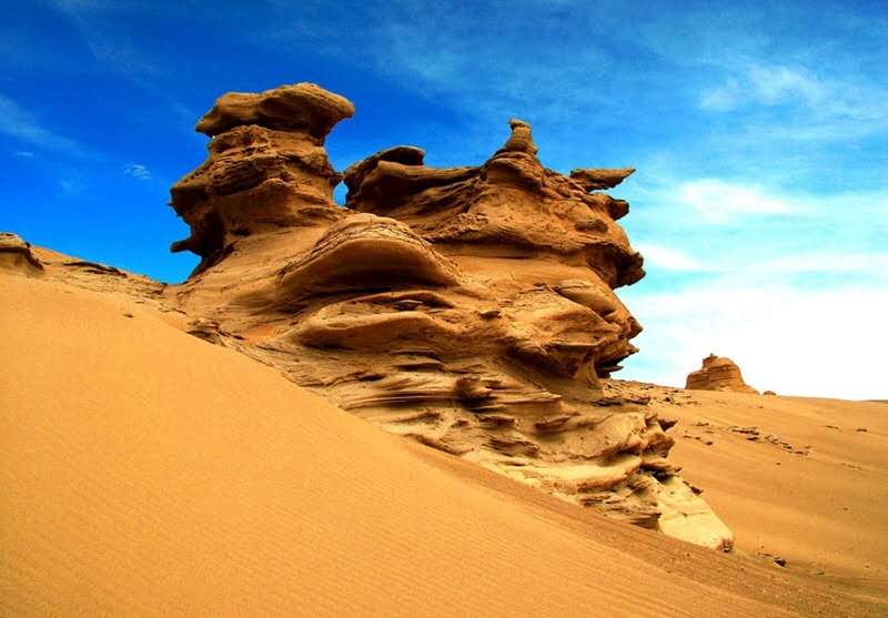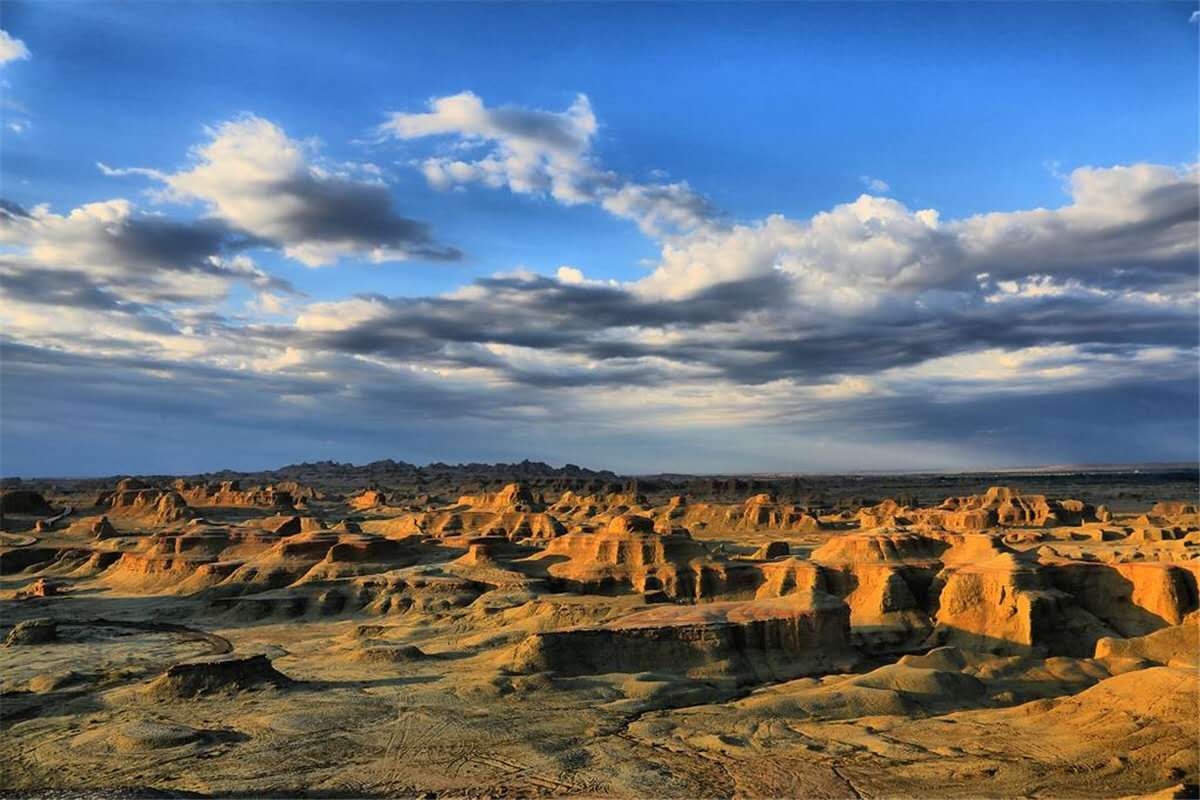 1.2萬年以來的全新世,在洪流和強風的作用下原來平坦的盆地被慢慢沖刷剝蝕。風和流水可以帶走疏松的沙土層,對堅硬的泥巖層和石膏膠結(jié)層卻作用有限。版權(quán)所有山東聊城聊之旅國際旅行社有限公司,轉(zhuǎn)載必究!不過致密的泥巖層也并非堅不可摧,荒漠區(qū)變化劇烈的溫差產(chǎn)生的脹縮效應導致泥巖層最終發(fā)生崩裂,暴露出來的沙土層被風和流水帶走,演變?yōu)榘疾蹱?;依然有泥巖層覆蓋的部分相對穩(wěn)固,形成或大或小的長條形土墩,這種奇特的地貌形態(tài)逐漸凸現(xiàn)出來。
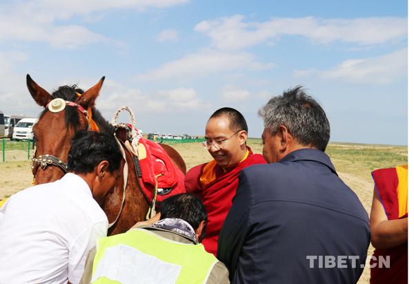 祭海儀式結(jié)束后,十一世班禪一行環(huán)湖游覽,在湖邊見到牧民斗改杰一家正牽著馬迎候。他們希望瞻禮到大師的尊容,為自己帶來(lái)福運(yùn)。十一世班禪一時(shí)興起,想要騎騎他們的馬。斗改杰一家平時(shí)在青海湖二郎劍景區(qū)經(jīng)營(yíng)旅游騎馬項(xiàng)目,沒想到今天這樣幸運(yùn),十一世班禪騎著他們的馬,在青海湖邊七月鮮花盛開的草原上,瀟灑地馳騁了幾個(gè)來(lái)回。他們激動(dòng)地都說(shuō)不出話了。
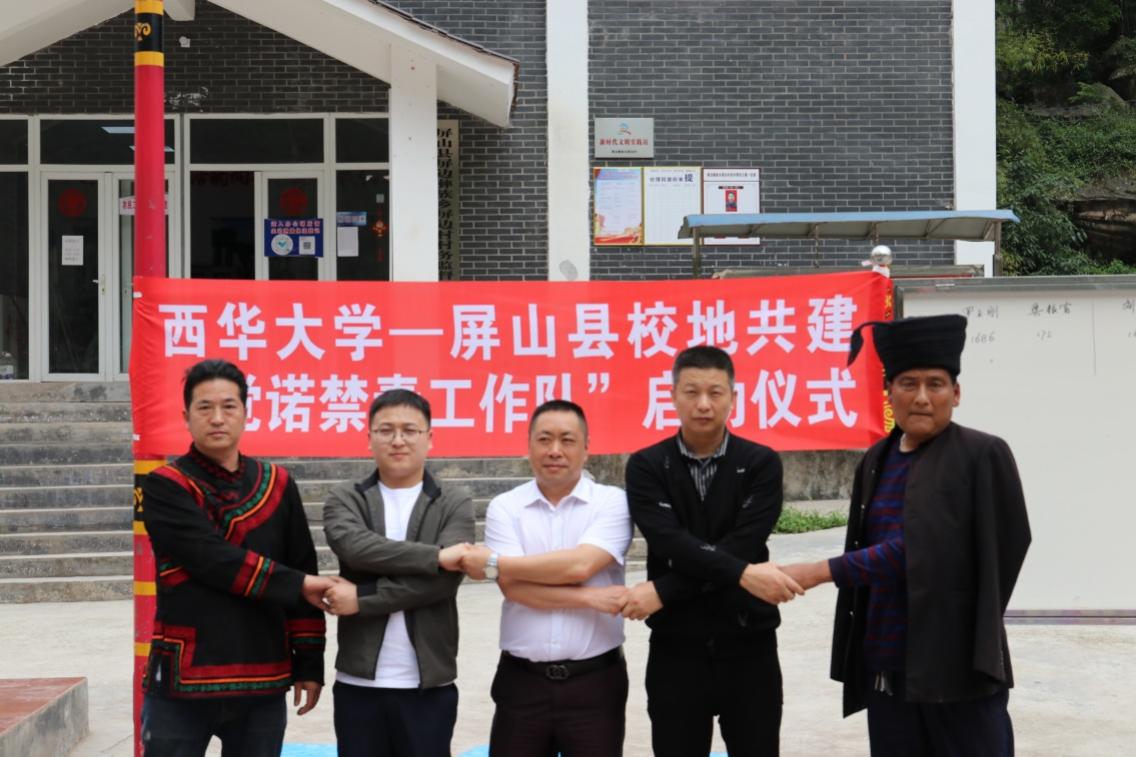 为彻落实四川省第七届大学生社团禁毒文化节活动相关工作要求,突出高校在社会服务中的重要作用,提升大学生禁毒意识和自我教育能力,引导大学生追求健康文明、积极向上的生活方式,实现校园文化与毒品预防教育相结合,共同打造一个绿色健康的校园环境,bv伟德国际体育官方网站于4月22日与屏山县校地共建“觉诺”禁毒工作队启动仪式在宜宾市屏边彝族乡隆重举行。宜宾市公安局禁毒支队二大队教导员翁玉龙、宜宾市江安县禁毒办专职副主任周显文、市公安局禁毒支队二大队副大队长刘强、屏山县公安局禁毒大队教导员张文相、屏山县屏边彝族乡党委委员黄维奎以及bv伟德国际体育官方网站bv伟德国际体育官方网站党工委陈太平出席此次启动仪式,“觉诺”禁毒工作队主要成员及当地居民参与本次启动仪式。
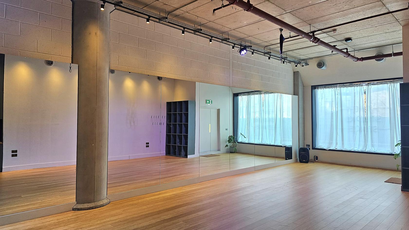 We have two beautiful studios featuring wooden floors, full-length mirrors, high ceilings, large windows, aerial rigging, and variable lighting—both fully accessible on the ground floor.
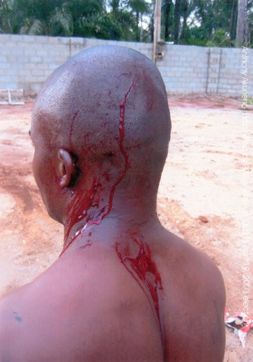ANPP agent Anthony Akuneho Koga, injured by PDP supporters on April 19, 2003, Ikeduru local government, Imo State.
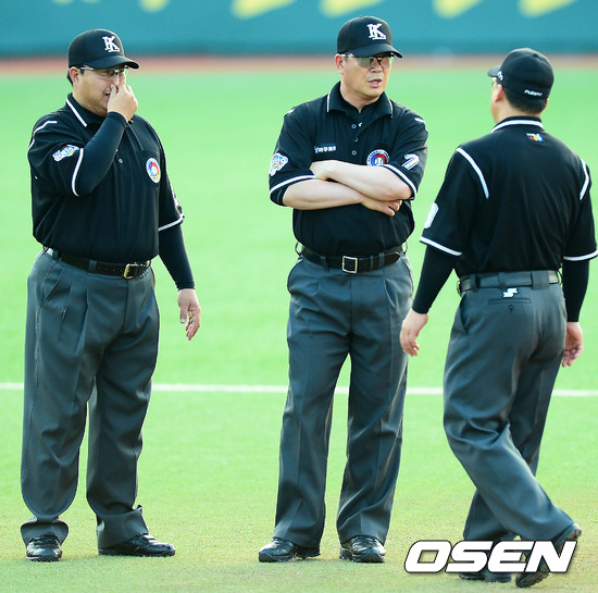 3일 오후 대구 시민구장에서 열린 '2012 팔도 프로야구' 삼성 라이온즈와 두산 베어스의 경기 5회초 무사 주자 1루 두산 최재훈의 유격수 땅볼 때 삼성 유격수 김상수가 2루에서 자신의 오른손에 볼을 쥐고 빈글러브로 두산 손시헌을 태그한 후 1루로 송구 병살 처리가 되었으나 두산 김진욱 감독이 항의, 심판들이 모여 의논한 후 병살에서 원 아웃으로 결과가 번복되고 있다.
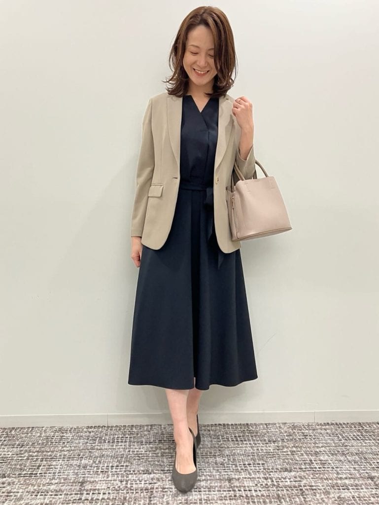 ネイビーのワンピースに、ライトベージュのジャケットを合わせたきれいめスタイル。濃色×明色のコントラストが顔まわりを明るく見せ、面接の場でも落ち着いた印象を与えやすいコーデです。
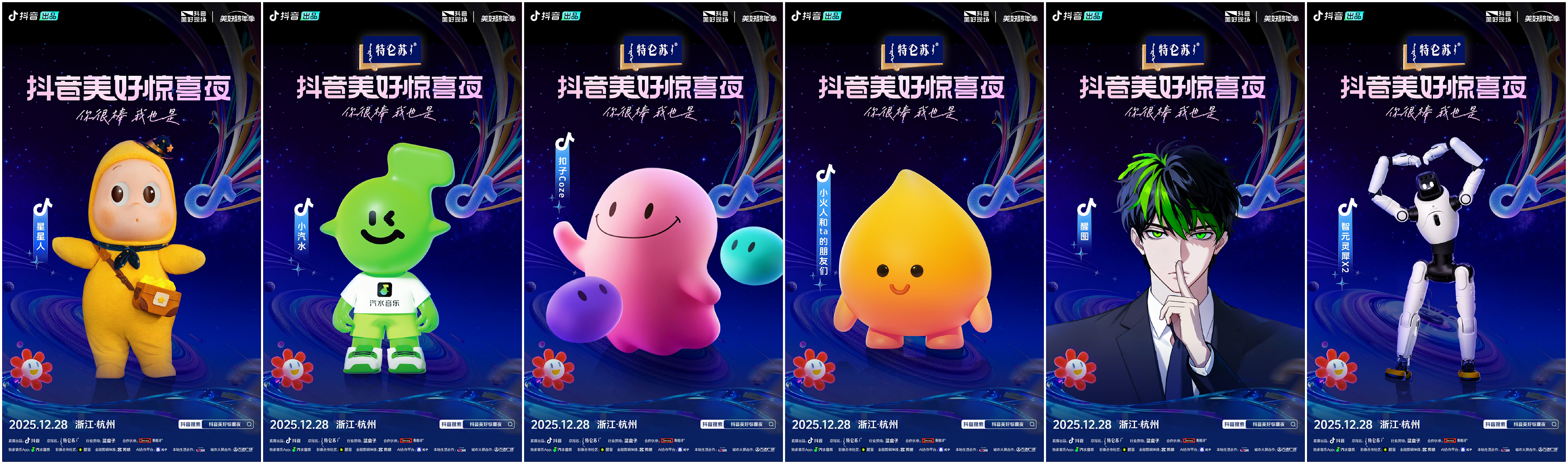 12月28日晚19:00,2025抖音美好惊喜夜将与20余位惊喜嘉宾、10余位抖音优质创作者及热门萌动IP,共同打造一场跨越屏幕的狂欢,让每一个平凡的瞬间都被掌声与喝彩包围!
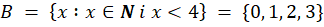 Zbiór B jest zbiorem wszystkich liczb naturalnych mniejszych od 4.
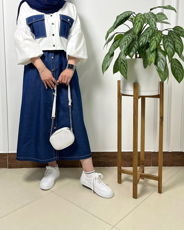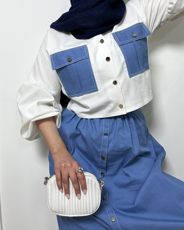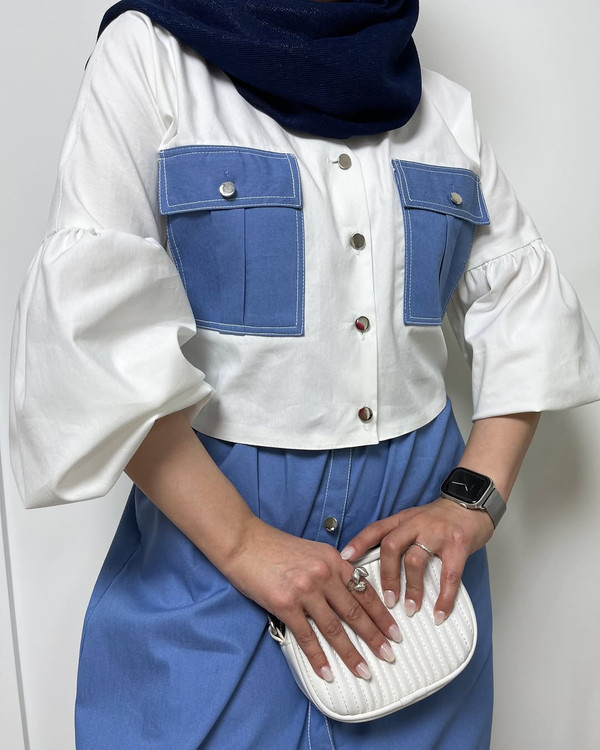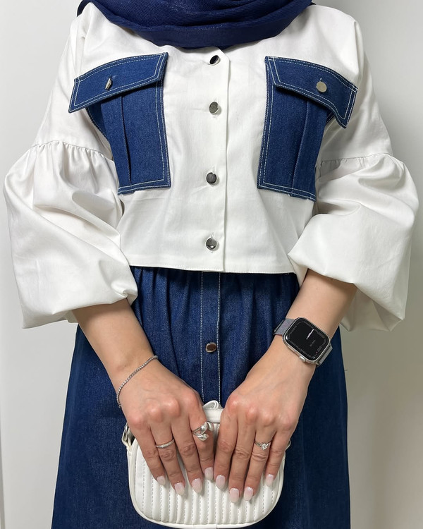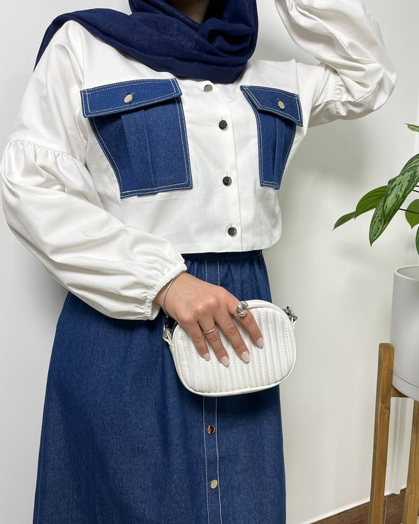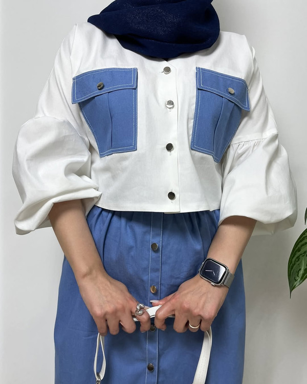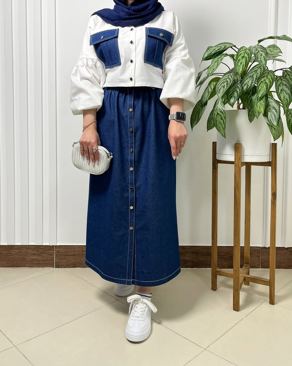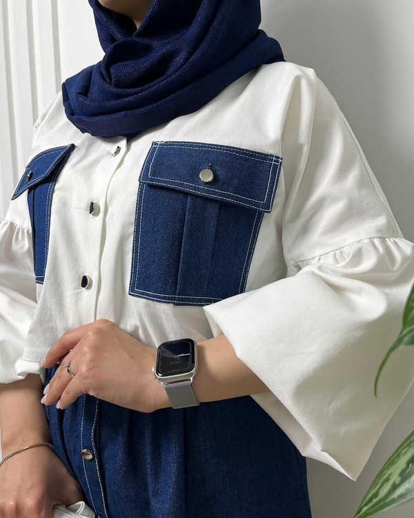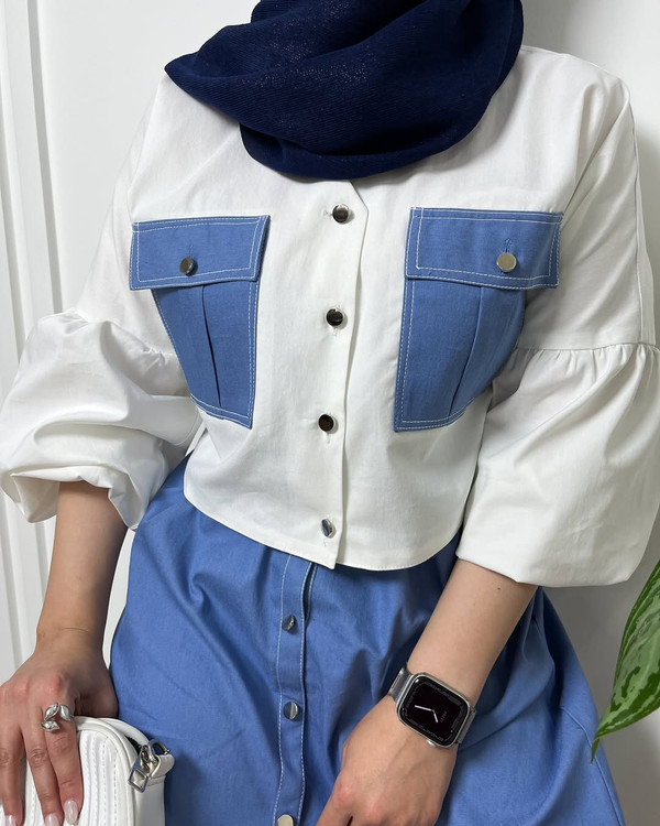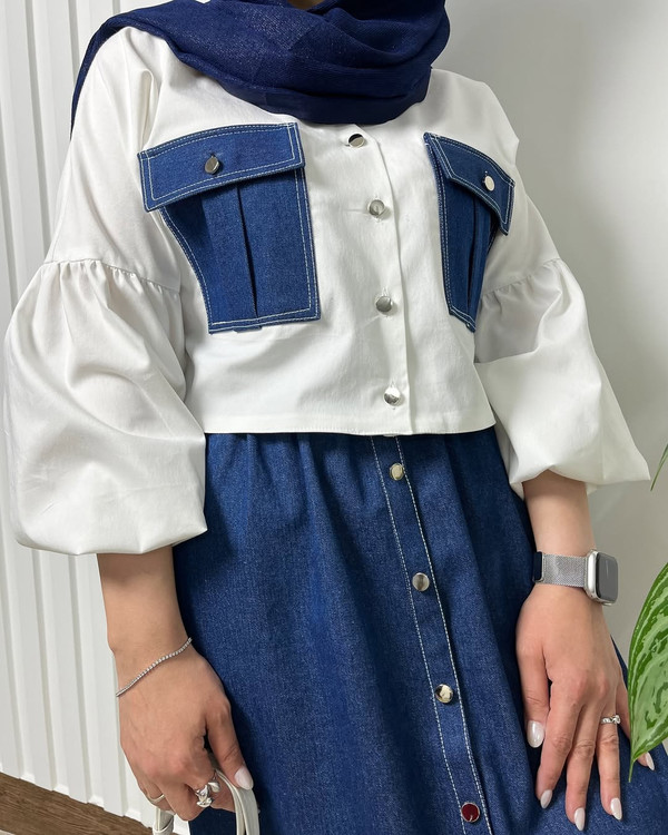 توضیحات : قابل سفارش با قد دلخواه، پارچه سفید شومیز بدننمایی ندارد، رنگدهی پارچه سفید و جین تست شده و مشکلی ندارد، شومیز یقه هفت
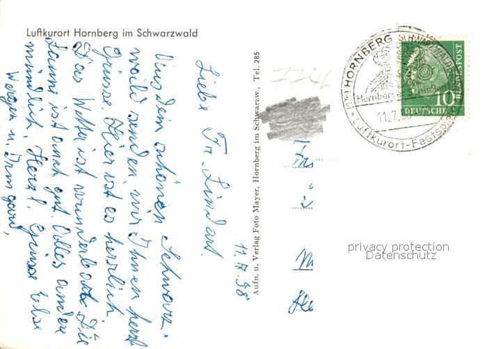 73142057 alte Postkarte Hornberg Schwarzwald Panorama Luftkurort Trachten Bollenhut postalisch gelaufen Erhaltung siehe scans [FriedD77] KatCode: 11110008317051
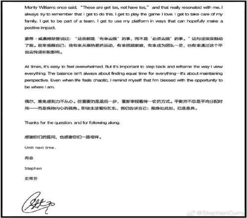 库里今天向球迷寄来了本月信:作为believer,作为球员、丈夫,库里一直在强调的是承担起自己的责任:打球不是负担,家庭不是压力,忙碌不是抱怨,而是一种被赐予的机会,生活是一种恩典:
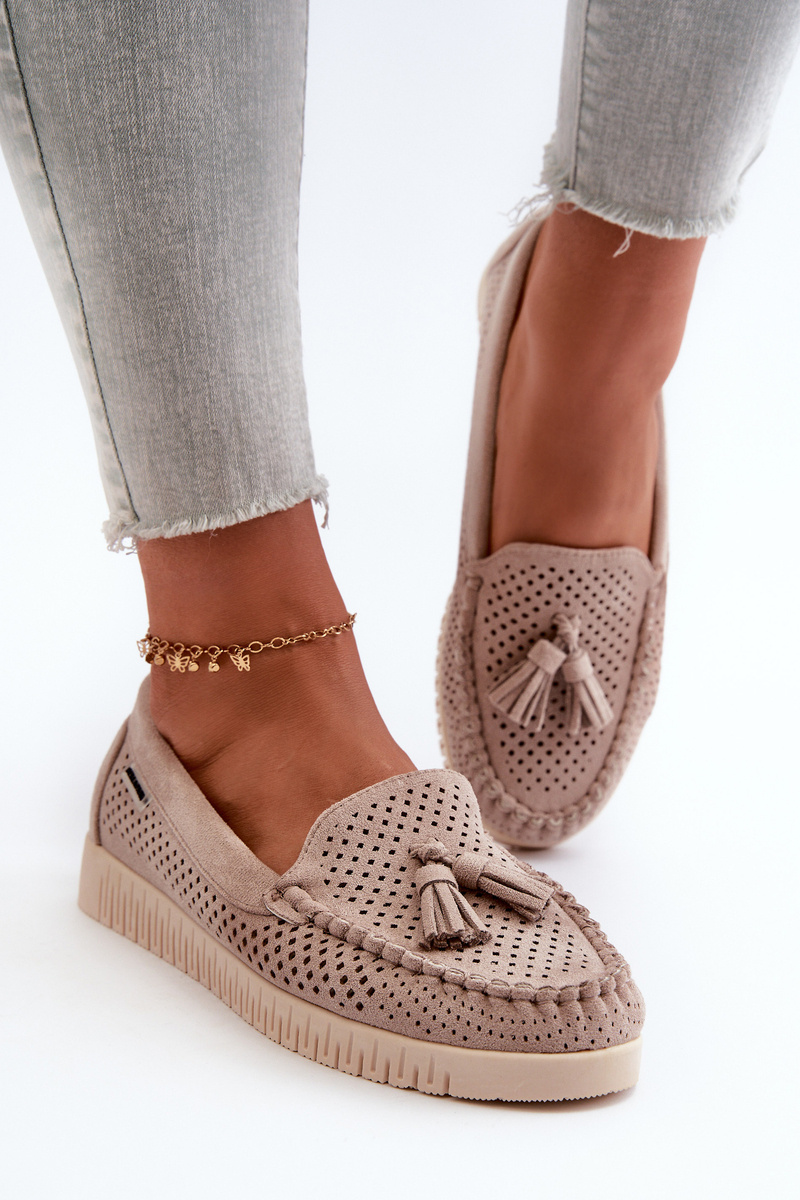 Жіночі мокасини з еко замші. Встановити на платформу. Заокруглені пальці. Спереду прикрашена дрібною бахромою. Дана модель має м'яку шкіряну устілку, яка забезпечить комфорт під час носіння. Класичний дизайн, який можна поєднувати з повсякденним та елегантним стилем. Обираючи розмір, орієнтуйтеся на таблицю розмірів.
::::::::
Assignment »
Please copy exactly the lines from the one that contains "3일 오후 대구 시민구장에서" through the last line of the listing above, leaving out the pictures.

Result of this exercise »
 3일 오후 대구 시민구장에서 열린 '2012 팔도 프로야구' 삼성 라이온즈와 두산 베어스의 경기 5회초 무사 주자 1루 두산 최재훈의 유격수 땅볼 때 삼성 유격수 김상수가 2루에서 자신의 오른손에 볼을 쥐고 빈글러브로 두산 손시헌을 태그한 후 1루로 송구 병살 처리가 되었으나 두산 김진욱 감독이 항의, 심판들이 모여 의논한 후 병살에서 원 아웃으로 결과가 번복되고 있다.
 ネイビーのワンピースに、ライトベージュのジャケットを合わせたきれいめスタイル。濃色×明色のコントラストが顔まわりを明るく見せ、面接の場でも落ち着いた印象を与えやすいコーデです。
 12月28日晚19:00,2025抖音美好惊喜夜将与20余位惊喜嘉宾、10余位抖音优质创作者及热门萌动IP,共同打造一场跨越屏幕的狂欢,让每一个平凡的瞬间都被掌声与喝彩包围!
 Zbiór B jest zbiorem wszystkich liczb naturalnych mniejszych od 4.
 توضیحات : قابل سفارش با قد دلخواه، پارچه سفید شومیز بدننمایی ندارد، رنگدهی پارچه سفید و جین تست شده و مشکلی ندارد، شومیز یقه هفت
 73142057 alte Postkarte Hornberg Schwarzwald Panorama Luftkurort Trachten Bollenhut postalisch gelaufen Erhaltung siehe scans [FriedD77] KatCode: 11110008317051
 库里今天向球迷寄来了本月信:作为believer,作为球员、丈夫,库里一直在强调的是承担起自己的责任:打球不是负担,家庭不是压力,忙碌不是抱怨,而是一种被赐予的机会,生活是一种恩典:
 Жіночі мокасини з еко замші. Встановити на платформу. Заокруглені пальці. Спереду прикрашена дрібною бахромою. Дана модель має м'яку шкіряну устілку, яка забезпечить комфорт під час носіння. Класичний дизайн, який можна поєднувати з повсякденним та елегантним стилем. Обираючи розмір, орієнтуйтеся на таблицю розмірів.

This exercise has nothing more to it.